The SDM-RDFizer receives as input a configuration file that indicates the location of the RML triple maps and the output RDF knowledge graph. This file indicates the values of additional variables required during the process of RDF knowledge graph creation.

The description of each parameters of the configuration file can be found here: https://github.com/SDM-TIB/SDM-RDFizer/wiki/The-Parameters-of-the-Configuration-file

Examples of configurations

Example of a config file for accessing two CSV datasets integrating them in an unique RDF knowledge graph

This configuration file indicates that one RDF knowledge graphs will be created from the execution of the RDF triple maps ${default:main_directory}/mappingDataset1.ttl and ${default:main_directory}/mappingDataset2.ttl. Duplicates are eliminated in the RDF knowledge graph.

[default]
main_directory: /path/to/datasets

[datasets]
number_of_datasets: 2
output_folder: ${default:main_directory}/graph
all_in_one_file: yes
remove_duplicate: yes
enrichment: yes
name: OutputRDFkg1
new_formulation: no

[dataset1]
name: OutputRDFkg-D1
mapping: ${default:main_directory}/mappingDataset1.ttl 

[dataset2]
name: OutputRDFkg-D2
mapping: ${default:main_directory}/mappingDataset2.ttl 

Example of a config file for accessing two CSV datasets with separated RDF knowledge graph creation

This configuration file indicates that two RDF knowledge graphs will be created from the execution of the RDF triple maps ${default:main_directory}/mappingDataset1.ttl and ${default:main_directory}/mappingDataset2.ttl.
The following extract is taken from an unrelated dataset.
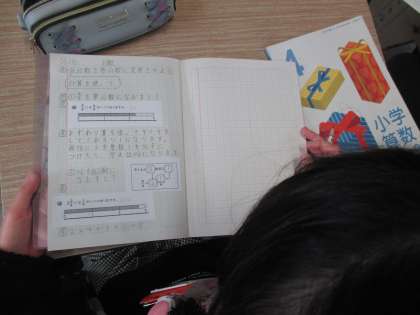 今日は「計算を使って、仮分数を帯分数に変身させよう」に取り組んでいます。

Duplicates are eliminated in both RDF knowledge graphs.

[default]
main_directory: main_directory: /path/to/datasets

[datasets]
number_of_datasets: 2
output_folder: ${default:main_directory}/graph
all_in_one_file: no
remove_duplicate: yes
enrichment: yes
name: output
new_formulation: no

[dataset1]
name: OutputRDFkg1
mapping: ${default:main_directory}/mappingDataset1.ttl 

[dataset2]
name: OutputRDFkg2
mapping: ${default:main_directory}/mappingDataset2.ttl 

Example of a config file for accessing two datasets in MySQL

This configuration file indicates that two RDF knowledge graphs will be created from the execution of the RDF triple maps ${default:main_directory}/mappingDataset1.ttl and ${default:main_directory}/mappingDataset2.ttl. Duplicates are eliminated in both RDF knowledge graphs. The following variables need to be defined for accessing each dataset from the database management system.

[default]
main_directory: /path/to/datasets

[datasets]
number_of_datasets: 2
output_folder: ${default:main_directory}/graph
all_in_one_file: no
remove_duplicate: yes
enrichment: yes
dbType: mysql
name: output
new_formulation: no


[dataset1]
user: root
password: 06012009mj
host: localhost
port: 3306
name: OutputRDFkg1
mapping: ${default:main_directory}/mappingDataset1.ttl

[dataset2]
user: root
password: 06012009mj
host: localhost
port: 3306
db: databaseInMySQL
name: OutputRDFkg2
mapping: ${default:main_directory}/mappingDataset2.ttl

Example of a config file for accessing data in Postgres

This configuration file indicates that one RDF knowledge graph will be created from the execution of the RDF triple map ${default:main_directory}/mappingDataset1.ttl. Duplicates are eliminated from the RDF knowledge graph. The variable db indicates the database in Postgres that will be accessed.

[default]
main_directory: /path/to/datasets

[datasets]
number_of_datasets: 1
output_folder: ${default:main_directory}/graph
all_in_one_file: no
remove_duplicate: yes
enrichment: yes
dbType: postgres
name: output
new_formulation: no

[dataset1]
user: postgres
password: postgres
host: localhost
db: databaseInProgess 
name: OutputRDFkg
mapping: ${default:main_directory}/mappingDataset1.ttl